When talking about conditional independence, we introduced a small quiz during the lecture:
It is known that the prevalence of a virus in the population is 0.5. We have a kit dedicated to detect this particular virus. The sensitivity of the kit is 0.9, and the specificity of the kit is 0.9 as well. Now a random person from the population gets tested by the kit, repeatedly. The first 3 tests all show positive results. What is the probability that the 4th test shows a positive result?
In general, always make a guess before you formally solve the problem. The process of guessing forces you to think about and get an intuition about the question. Sometimes, the intuition is more important and more difficult to come about. A correct intuition shows that you truly understand the question. In addition, once you get an answer by doing the formal calculation, you can always have a sanity check by comparing the calculated result to your intuitive guess. Doing this in a iterative way will help you learn.
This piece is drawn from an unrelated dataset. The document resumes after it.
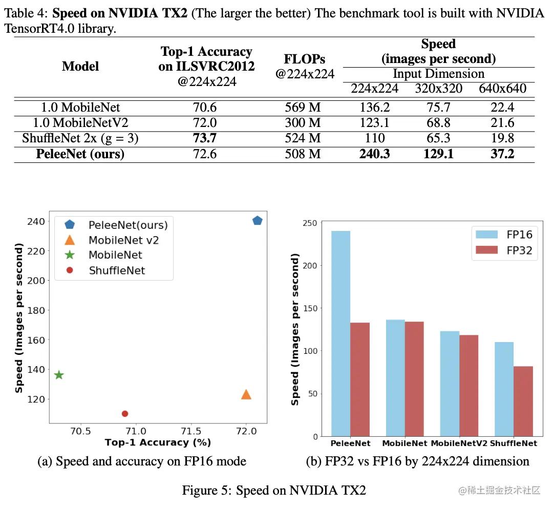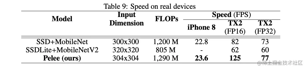 PeleeNet在各种设备上的实际推理速度对比。

Now let’s build up our intuition. Apparently, the test results are independent of each other if we know the person’s virus status (conditional independence). The probability of the 4th test being positive is basically 0.9 (if the person carries the virus) or 0.1 (if the person does not carry the virus). However, we do not know the person’s virus status. Therefore, before anything happens, we expect that the person has an equal chance of carrying or not carrying the virus. Now we observe that all 3 tests are positive, which is a new piece of information that can help us update our prior belief. We should take that information into account to calculate the probability of the next test (4th) being positive. We could think in this way: if the person does not carry the virus, the probability of observing 3 positive test results is $0.1^{3}$, which is quite small meaning it is kind of unlikely to happen. Yet, it happened! We see 3 positive test results, meaning that we are almost certain that the person carries the virus. If the person carries the virus, the probability of the 4th test being positive is 0.9. Therefore, our final answer should be very close to 0.9.
Is it? Let’s define $A=$ {the first 3 tests are positive} and $B=$ {the 4th test is positive} and build the following tree:
Since we know that $A$ has occurred, all of a sudden, we are living in a universe of the red branches. Our event of interest is basically the blue leaves. For each leaf, we could calculate the probability by the multiplication rule:
$$ \begin{aligned} \mathbb{P}(B|A) &= \cfrac{\textmd{Blue leaves}}{\textmd{Red branches}} \\[10pt] &= \cfrac{0.5 \times 0.9^{3} \times 0.9 + 0.5 \times 0.1^{3} \times 0.1}{0.5 \times 0.9^{3} + 0.5 \times 0.1^{3}}\\[10pt] & \approx 0.8989041095890411 \end{aligned} $$
The answer is very close to $0.9$, which is consistent with our intuition.